Divisions of 1Epigenomics and Cancer Risk Factors, 2Theoretical Bioinformatics, 3Biostatistics, and 4Molecular Genetics; 5Department of Translational Oncology, National Center for Tumor Diseases (NCT), The German Cancer Research Center (DKFZ); 6Department of Medicine V, University of Heidelberg, Heidelberg; 7Department of Medicine, University of Freiburg Medical Center, Freiburg; 8Department of Internal Medicine III, University of Ulm, Ulm; 9The German Cancer Consortium, Germany; 10Department of Medicine, University of California at San Diego Moores Cancer Center, La Jolla, California; and 11Division of Hematology, The Ohio State University, Columbus, Ohio.
Cancer Discov. 2014 Mar;4(3):348-61. doi: 10.1158/2159-8290.CD-13-0349. Epub 2013 Dec 19.

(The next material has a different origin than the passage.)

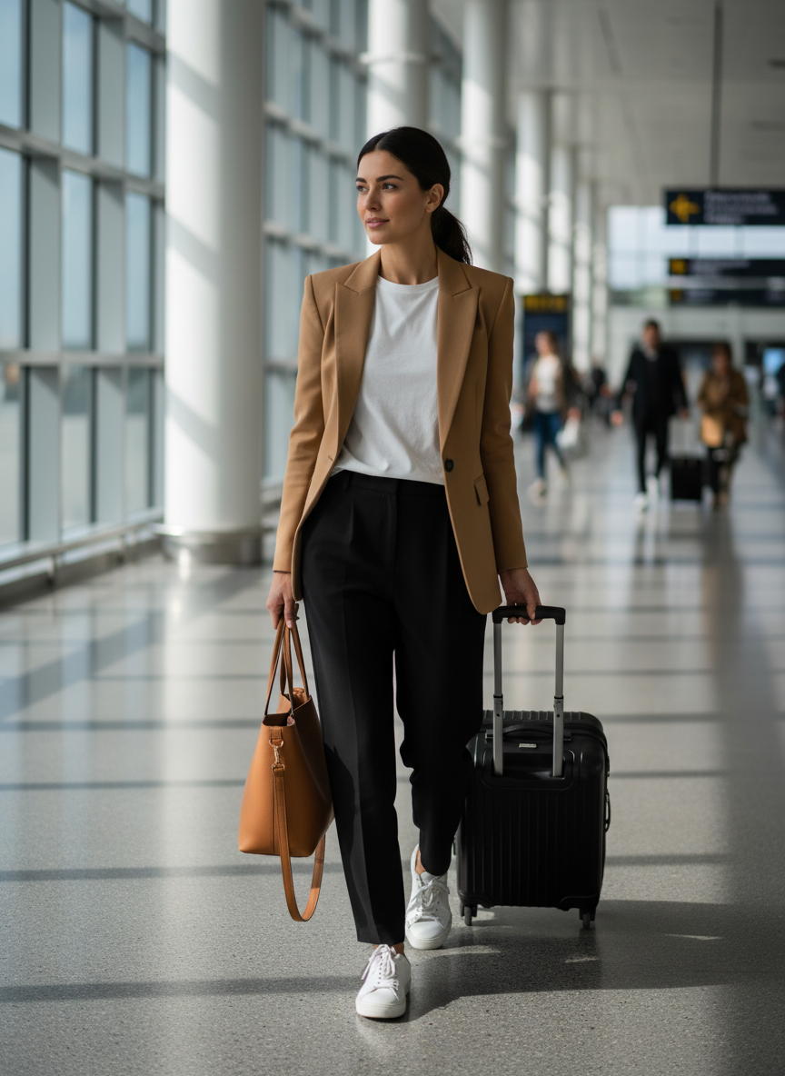 This outfit handles coffee spills and security line stress with grace, making it perfect for travel newbies and veterans alike.

Although clonal selection by genetic driver aberrations in cancer is well documented, the ability of epigenetic alterations to promote tumor evolution is undefined. We used 450k arrays and next-generation sequencing to evaluate intratumor heterogeneity and evolution of DNA methylation and genetic aberrations in chronic lymphocytic leukemia (CLL). CLL cases exhibit vast interpatient differences in intratumor methylation heterogeneity, with genetically clonal cases maintaining low methylation heterogeneity and up to 10% of total CpGs in a monoallelically methylated state. Increasing methylation heterogeneity correlates with advanced genetic subclonal complexity. Selection of novel DNA methylation patterns is observed only in cases that undergo genetic evolution, and independent genetic evolution is uncommon and is restricted to low-risk alterations. These results reveal that although evolution of DNA methylation occurs in high-risk, clinically progressive cases, positive selection of novel methylation patterns entails coevolution of genetic alteration(s) in CLL.
尽管癌症中遗传驱动突变的克隆选择已得到充分证实,但表观遗传改变促进肿瘤进化的能力尚未确定。我们使用 450k 阵列和下一代测序来评估慢性淋巴细胞白血病 (CLL) 中肿瘤内异质性和 DNA 甲基化及遗传异常的演变。CLL 病例在肿瘤内甲基化异质性方面表现出巨大的个体间差异,遗传克隆病例保持低甲基化异质性,多达 10%的总 CpG 呈单等位基因甲基化状态。甲基化异质性的增加与先进的遗传亚克隆复杂性相关。只有在经历遗传进化的病例中才观察到新的 DNA 甲基化模式的选择,而独立的遗传进化并不常见,仅限于低风险改变。这些结果表明,尽管 DNA 甲基化的进化发生在高危、临床进展的病例中,但新的甲基化模式的正选择需要 CLL 中遗传改变的共同进化。